### Exercise description
Copy out the full listing below as it stands, with its pictures left behind.

### Data extract

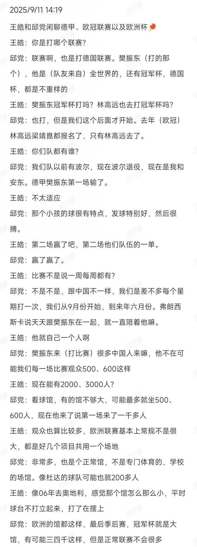 樊振东在德甲联赛的起步并非一帆风顺,在上周进行的第一轮联赛中,樊振东的德甲首秀并不顺利,他出战两场,均遗憾落败;王皓虽然远在国内,却时刻关注着弟子的表现,透过与邱党的交流,他不仅了解到樊振东的首秀战绩,还特意为弟子的失利发声解释,认为这是“不太适应”的结果,这番对话展现了王皓作为主管教练对樊振东的了解和维护,除此以外,王皓还向邱党询问林高远是否也会去打德国冠军杯
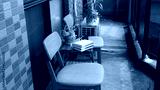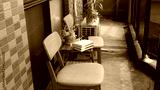 バルコニーで読書。日本のマンションのベランダ。椅子とテーブルと本。
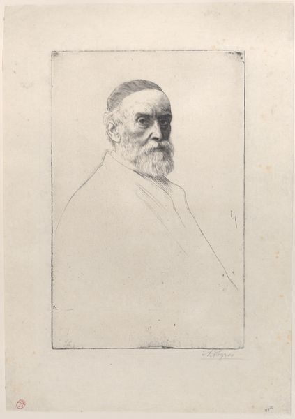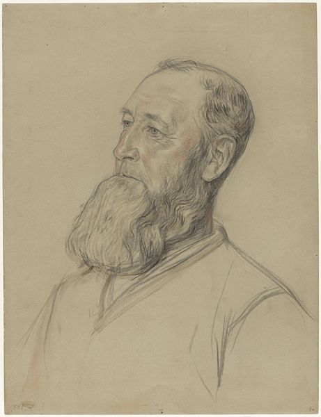 Alphonse Legros made this drawing, Portrait of an Old Man, using graphite on paper. Legros was a French artist who became a naturalized British citizen, teaching at the Slade School of Fine Art in London for many years. This portrait offers a window into the artistic conventions and social values of late 19th-century Europe. At the time, art academies and institutions played a crucial role in shaping artistic taste and legitimizing certain subjects. Portraiture, in particular, was associated with status and power. Legros's choice to depict an "old man" aligns with a broader artistic interest in portraying different social types. The man's upward gaze suggests a kind of social and spiritual yearning. Understanding the social context of this drawing requires looking into the history of art education, the market for portraiture, and the broader cultural fascination with physiognomy. Such research can reveal the complex ways in which art reflects and reinforces social norms.

### Task result
 樊振东在德甲联赛的起步并非一帆风顺,在上周进行的第一轮联赛中,樊振东的德甲首秀并不顺利,他出战两场,均遗憾落败;王皓虽然远在国内,却时刻关注着弟子的表现,透过与邱党的交流,他不仅了解到樊振东的首秀战绩,还特意为弟子的失利发声解释,认为这是“不太适应”的结果,这番对话展现了王皓作为主管教练对樊振东的了解和维护,除此以外,王皓还向邱党询问林高远是否也会去打德国冠军杯
 バルコニーで読書。日本のマンションのベランダ。椅子とテーブルと本。
 Alphonse Legros made this drawing, Portrait of an Old Man, using graphite on paper. Legros was a French artist who became a naturalized British citizen, teaching at the Slade School of Fine Art in London for many years. This portrait offers a window into the artistic conventions and social values of late 19th-century Europe. At the time, art academies and institutions played a crucial role in shaping artistic taste and legitimizing certain subjects. Portraiture, in particular, was associated with status and power. Legros's choice to depict an "old man" aligns with a broader artistic interest in portraying different social types. The man's upward gaze suggests a kind of social and spiritual yearning. Understanding the social context of this drawing requires looking into the history of art education, the market for portraiture, and the broader cultural fascination with physiognomy. Such research can reveal the complex ways in which art reflects and reinforces social norms.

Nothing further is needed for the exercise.